Elle le regarda avec une certaine stupéfaction. « Comment tu connais ça ?
— J’ai lu beaucoup de science-fiction.
— J’ai entendu dire qu’il y avait des modèles provisoires, dit Ben. Le problème n’est pas aussi énorme qu’il y paraît. Mais personne n’est pressé de le mettre à l’épreuve.
— La simple présence de quelqu’un du futur pourrait avoir une influence, dit Archer. Même s’il ne fait qu’écraser une plante ou marcher sur un insecte…»
Ben sourit. « Ce phénomène n’est pas spécifique au voyage dans le temps. En météorologie, on l’appelle “dépendance sensible aux conditions initiales”. L’atmosphère est chaotique : un événement mineur à un endroit peut avoir un effet important sur un autre. Agitez la main en Chine, et une tempête pourrait se lever sur l’Atlantique. De même, écraser un puceron en 1880 modifierait peut-être l’élection présidentielle de 1996. C’est une bonne analogie, Doug, sauf que le lien n’est pas exactement causal. Il y a dans l’atmosphère des caractéristiques stables qui tendent à se reproduire, quel que soit…
— Des attracteurs », avança Archer au grand plaisir de Ben. « Vous vous tenez au courant des mathématiques contemporaines ? »
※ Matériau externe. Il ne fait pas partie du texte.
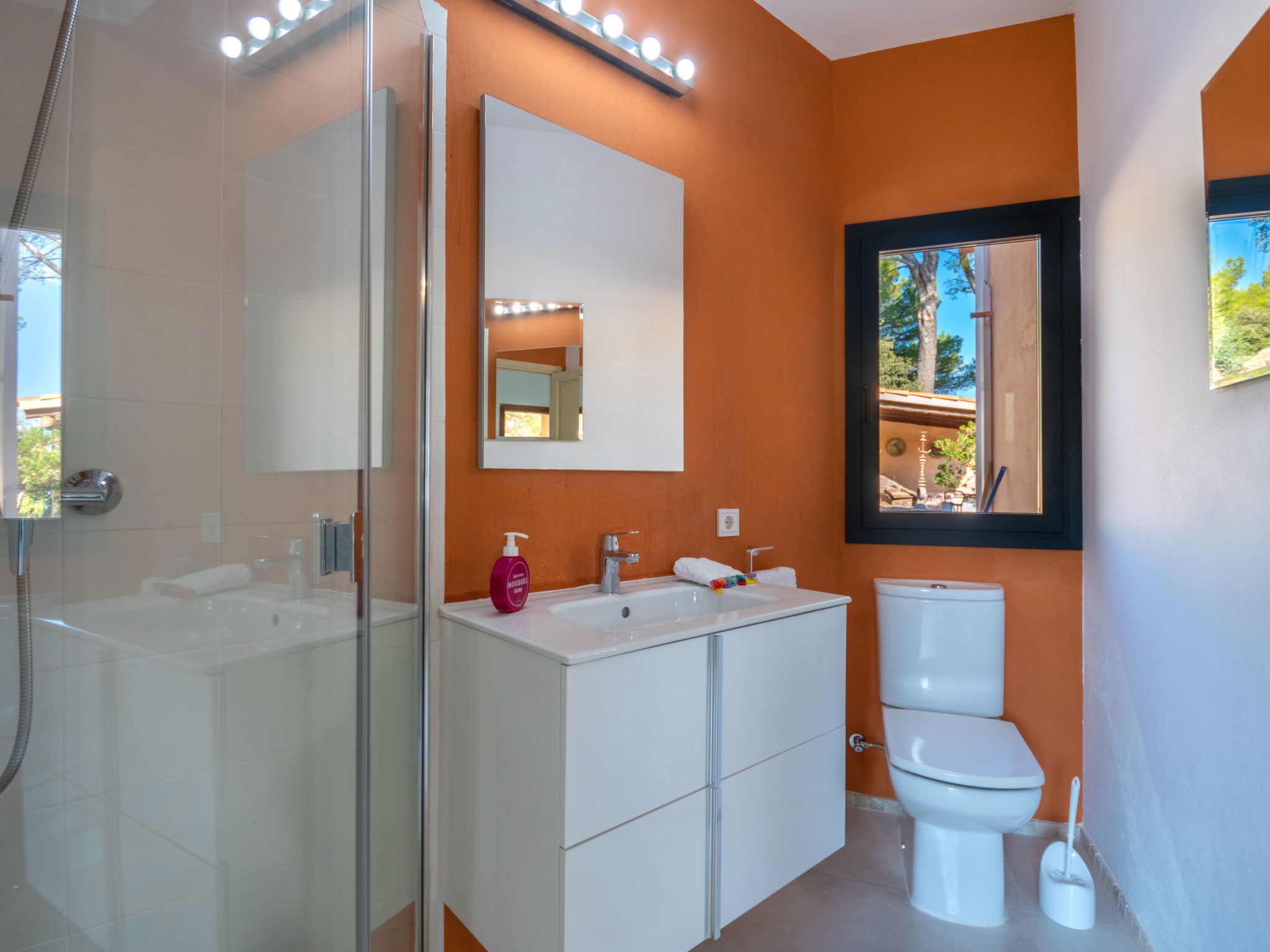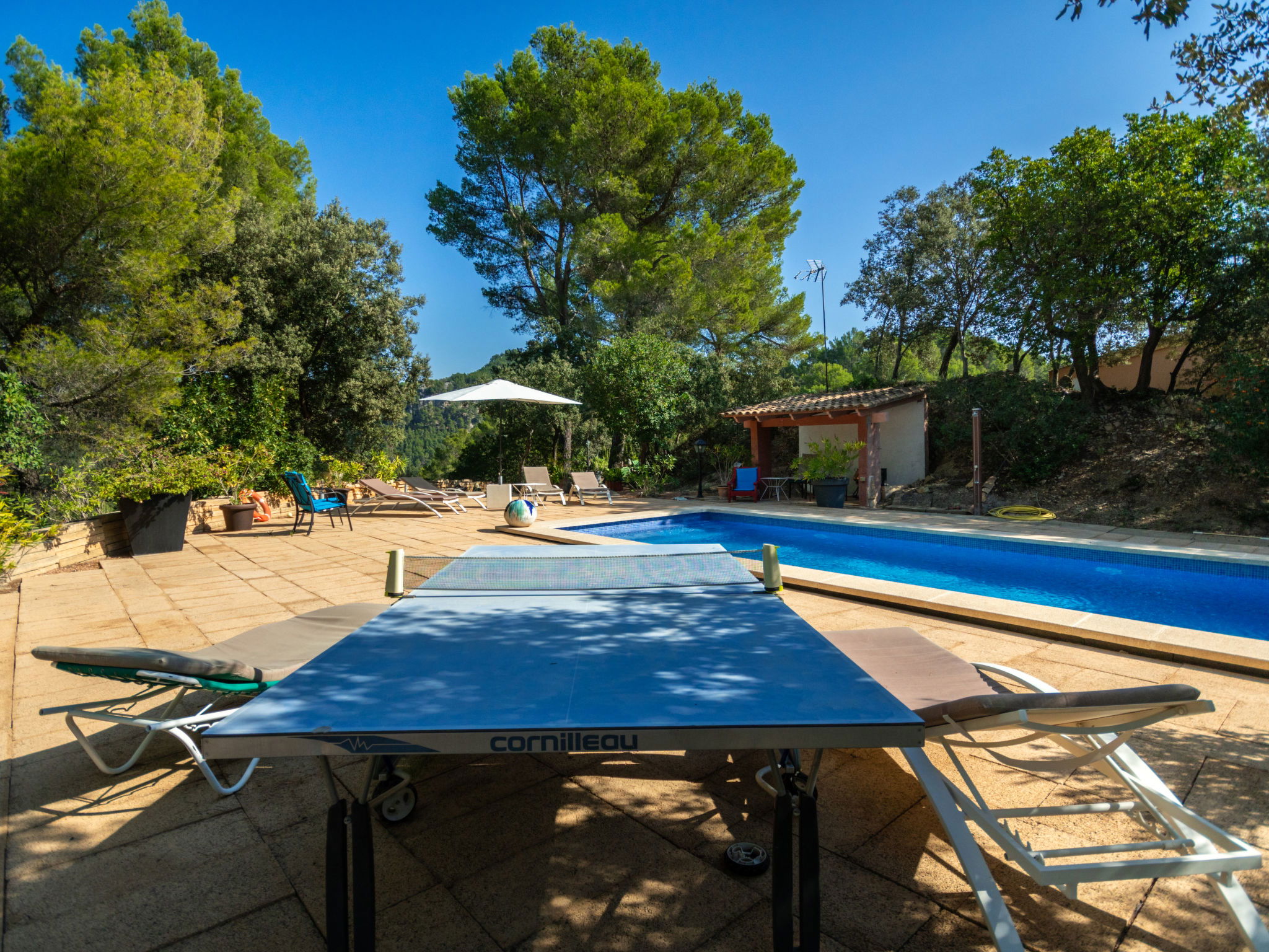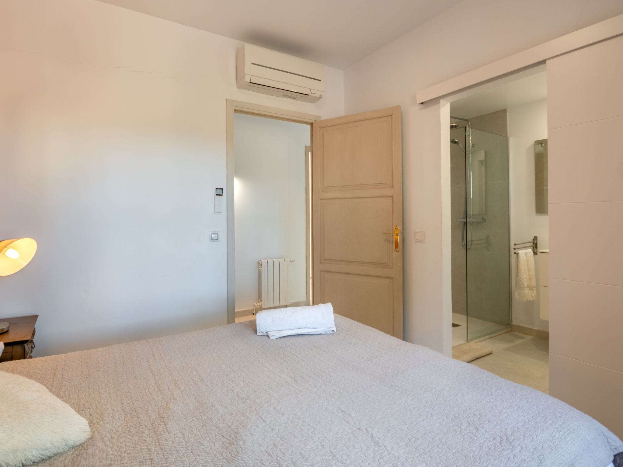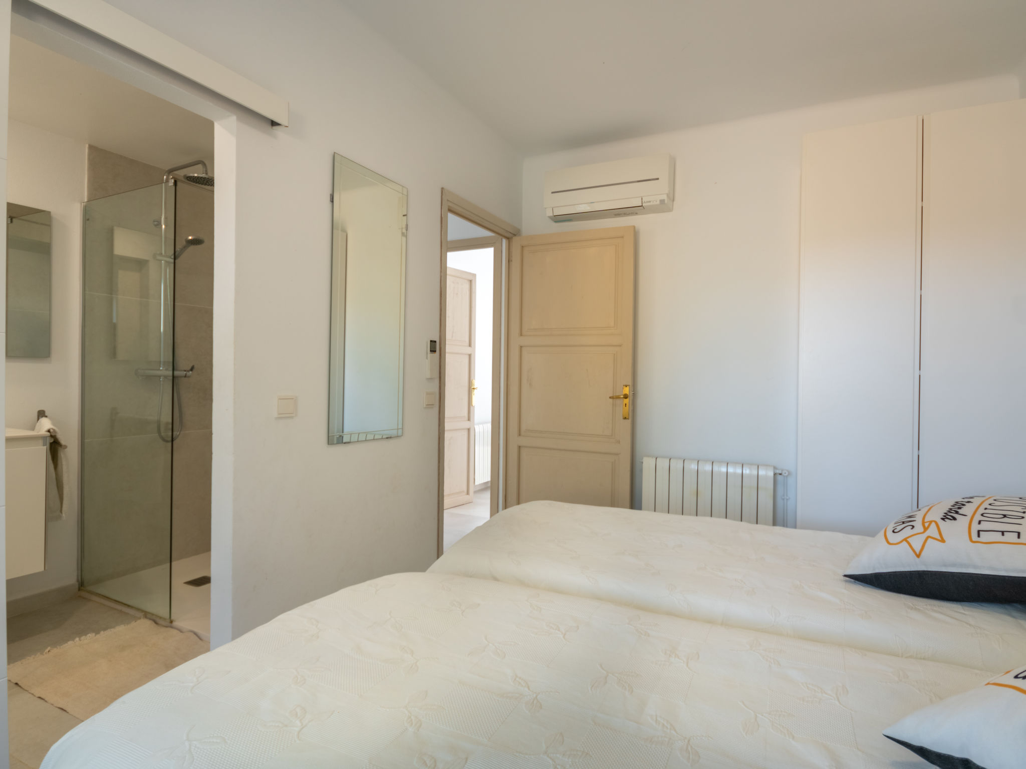 Farm estate "Short des Verger", detached. Above Esporles 3.5 km from the centre of Esporles, 19 km from the centre of Valldemossa, 26 km from the centre of Palma, on a slope, 13 km from the sea. Private: property 15'000 m2, garden (not fenced) wildlife garden and trees, natural garden, swimming pool (10 x 4 m, seasonal availability: 01.Jan. - 31.Dec.) with salt-electrolysis pool-cleaning system. Outdoor shower, table tennis. In the house: central heating system, air conditioning. Parking on the premises. Shop 4.5 km, restaurant 4.5 km, bus stop "S'esgleita" 6 km, sandy beach "Playa de Palma" 28 km pebble beach "Port de's Canonge" 13 km. Hiking paths: Camí des Correu 4.5 km. Please note: car recommended.

Archer sourit. « J’essaye.
— On m’a dit qu’il existait des structures similaires dans le temps historique… des structures qui ont tendance à persister. Mais oui, la possibilité d’un changement existe. C’est le phénomène de l’influence de l’observateur. La règle est que le présent reste toujours le présent. Le passé est toujours déterminé et immuable, le futur toujours indéterminé… peu importe où vous êtes.
— D’ici, dit Archer, l’année 1988 ne peut être modifiée…
— Parce qu’elle appartient au passé.